1

This regex matches "so" when it's preceded by a comma and a space:

(,\s)(so)

I want to do the opposite now. I want to tell the regex: don't match "so" if it's preceded by a comma and a space. I tried this (after seeing this SO question):

^(,\s)(so)

But now the regex doesn't match anything: https://regexr.com/4kgq8.

Note: I'm not trying to match beginning of the line.

alexchenco
  • 53,565
  • 76
  • 241
  • 413

3 Answers3

2

Or you can simply use alternation, if that'd be OK, with an expression without lookarounds such as:

, so|(\bso\b)

const regex = /, so|(\bso\b)/gmi;
const str = `So that 
so big that 
, so
and not , so
, so so`;
let m;

while ((m = regex.exec(str)) !== null) {
    // This is necessary to avoid infinite loops with zero-width matches
    if (m.index === regex.lastIndex) {
        regex.lastIndex++;
    }
    
    // The result can be accessed through the `m`-variable.
    m.forEach((match, groupIndex) => {
        console.log(`Found match, group ${groupIndex}: ${match}`);
    });
}

If you wish to explore/simplify/modify the expression, it's been explained on the top right panel of regex101.com. If you'd like, you can also watch in this link, how it would match against some sample inputs.


Emma
  • 27,428
  • 11
  • 44
  • 69
1

As anubhava mentions in the comment, with negative lookbehind you could do /(?<!,\s)(so)/, which would match so that is not preceded by a comma and a space (and capturing so). This is a reverse from /(?<=,\s)(so)/, which matches so that is preceded by a comma and a space.

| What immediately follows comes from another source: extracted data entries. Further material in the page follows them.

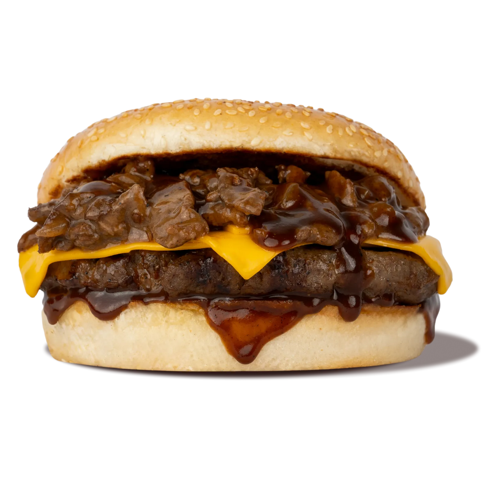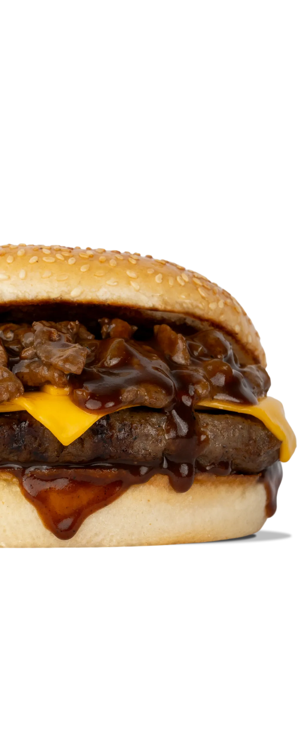 A flame-grilled beef patty meets juicy beef slices, layered with smoky BBQ and bold steak sauce. Crispy onions bring the crunch, while our creamy Cheezle sauce ties it all together on a toasted 5-inch sesame bun. A stacked bite of pure satisfaction.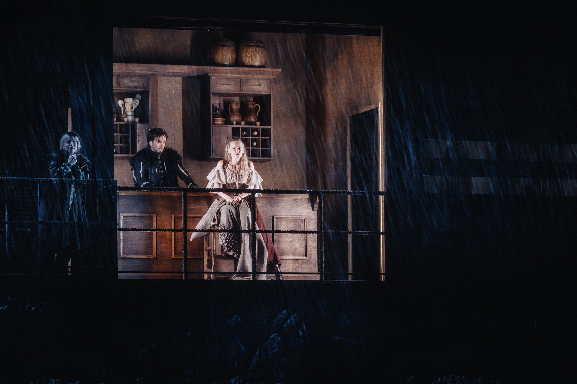 Фокус режиссёра, как и у Верди, — судьба шута. На материале политической сатиры (опера написана по роману Гюго «Король забавляется») Новиков выводит на первый план не памфлет, а человеческую драму. Острый на язык и злорадный на службе шут-горбун дома снимает горб как элемент рабочей формы, беспокоится за дочь и не находит себе места, когда Джильду похищают. В этой двойственности просвечивает романтический раскол героя, но неумолимый рок приближает оперу скорее к греческой трагедии. Верди щедр не только на музыкальный, но и на артистический материал для своих героев. Povero Rigoletto — одна из первых «песен без слов» в опере, достаточно сложная по артистической задаче — в исполнении Константина Сучкова прозвучала настоящей удачей: выразительной и живой.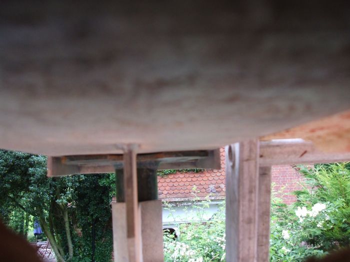 The view through the hole in the stairs (where the support is)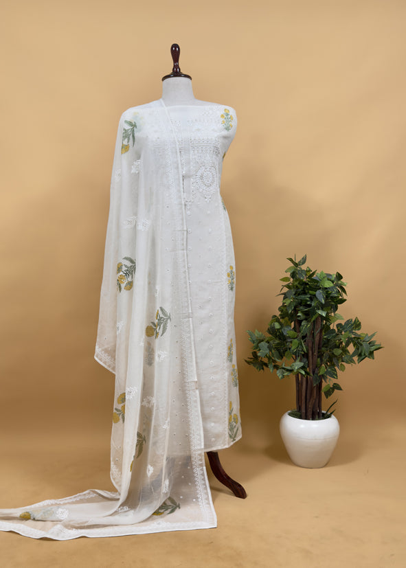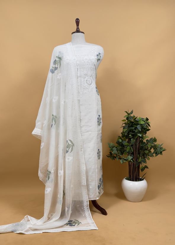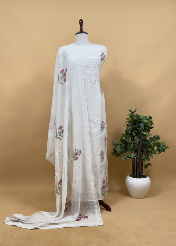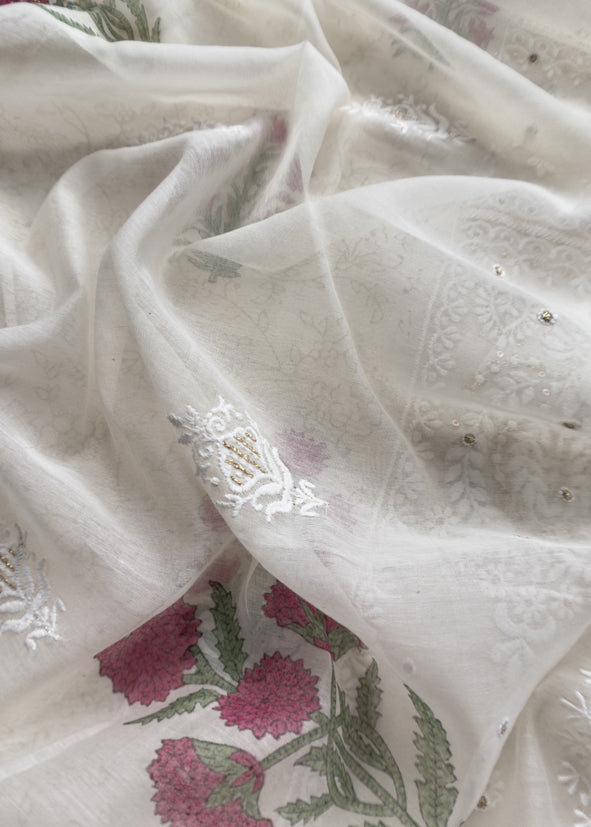 White With Pink Pure Mul Handblock Print Suit With Chikan Embroidery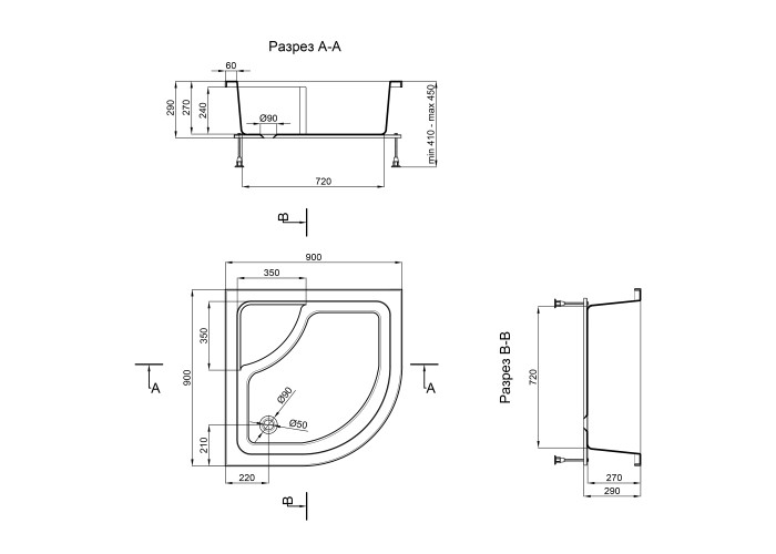 Вбудоване сидіння. Ніжки піддону регулюються по висоті.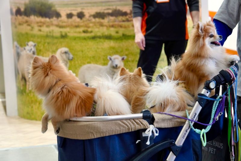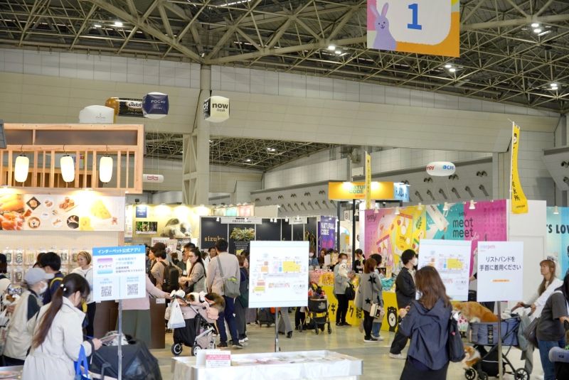 会場内はペットの同伴が可能で、多くの来場者が愛するペットと一緒にブースを回っていました。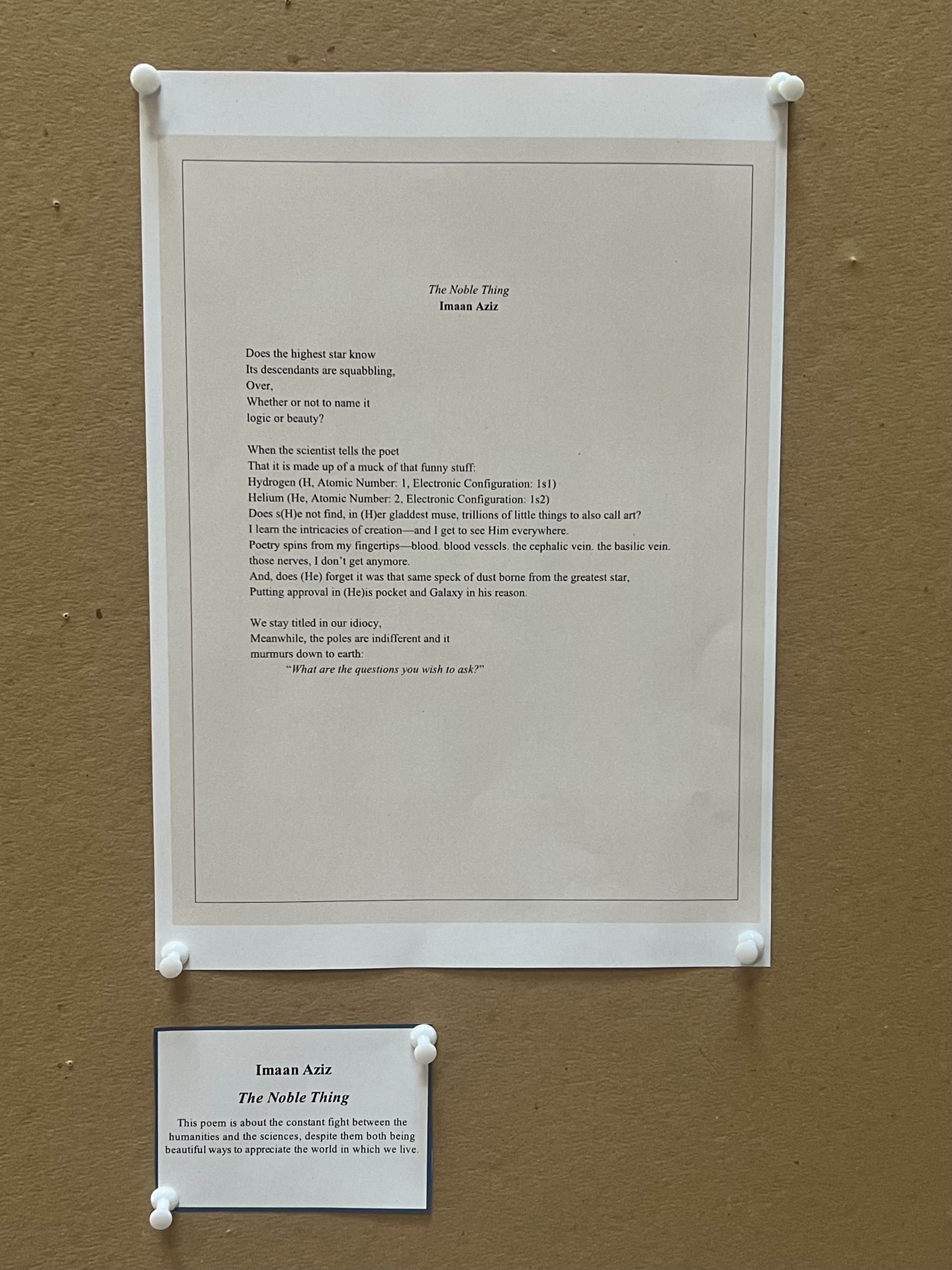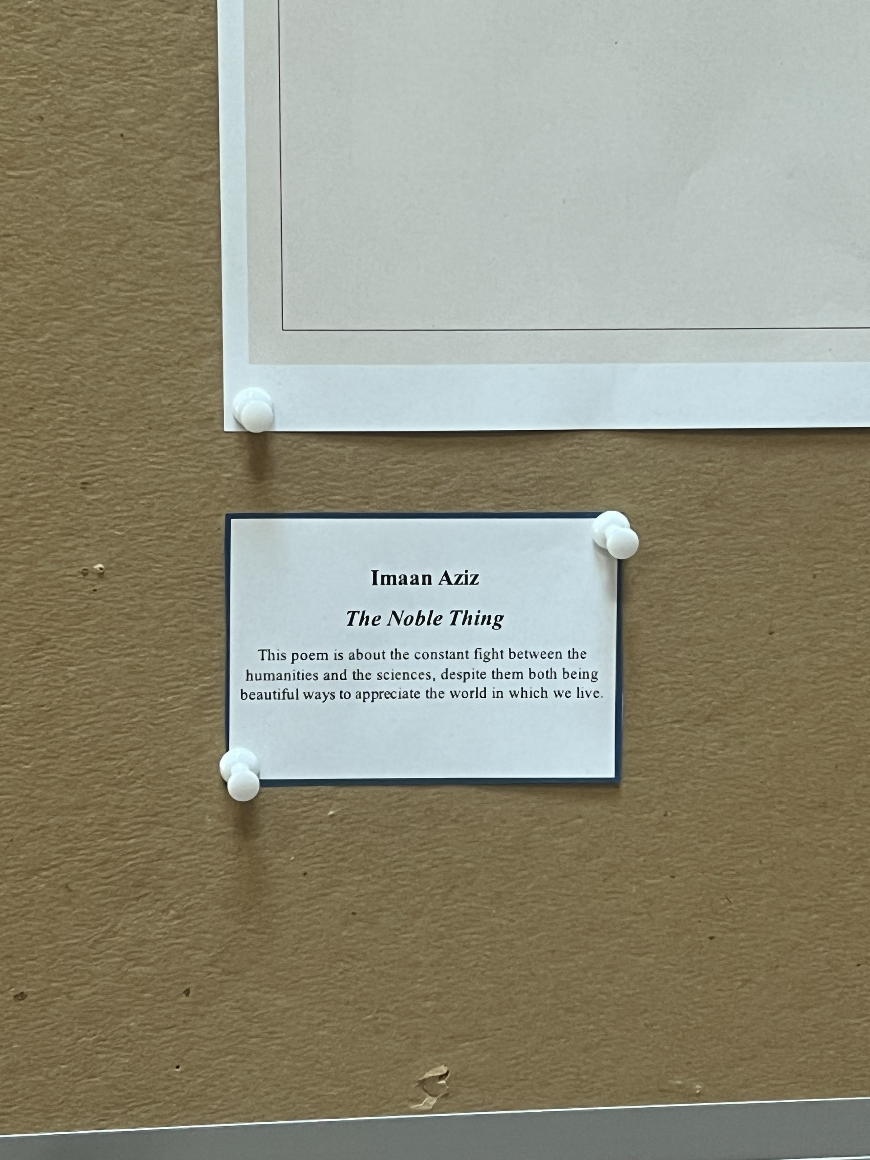 This year, I had the opportunity to submit one of my most recent poems: ‘The Noble Thing’ which is now on display in the exhibition.

Your regexp /(,\s)(so)/ matches a comma, a space and so (and captures the comma and the space in one group, and so in another). The negation of that can be constructed using a negative lookahead, supported in all browsers, like so: /((?!,\s)..|^.?)(so)/ — it will match two characters (or less, if at the start of the string) that are not a comma and a space, then so (and capture both the non-comma-space preceding characters, and so).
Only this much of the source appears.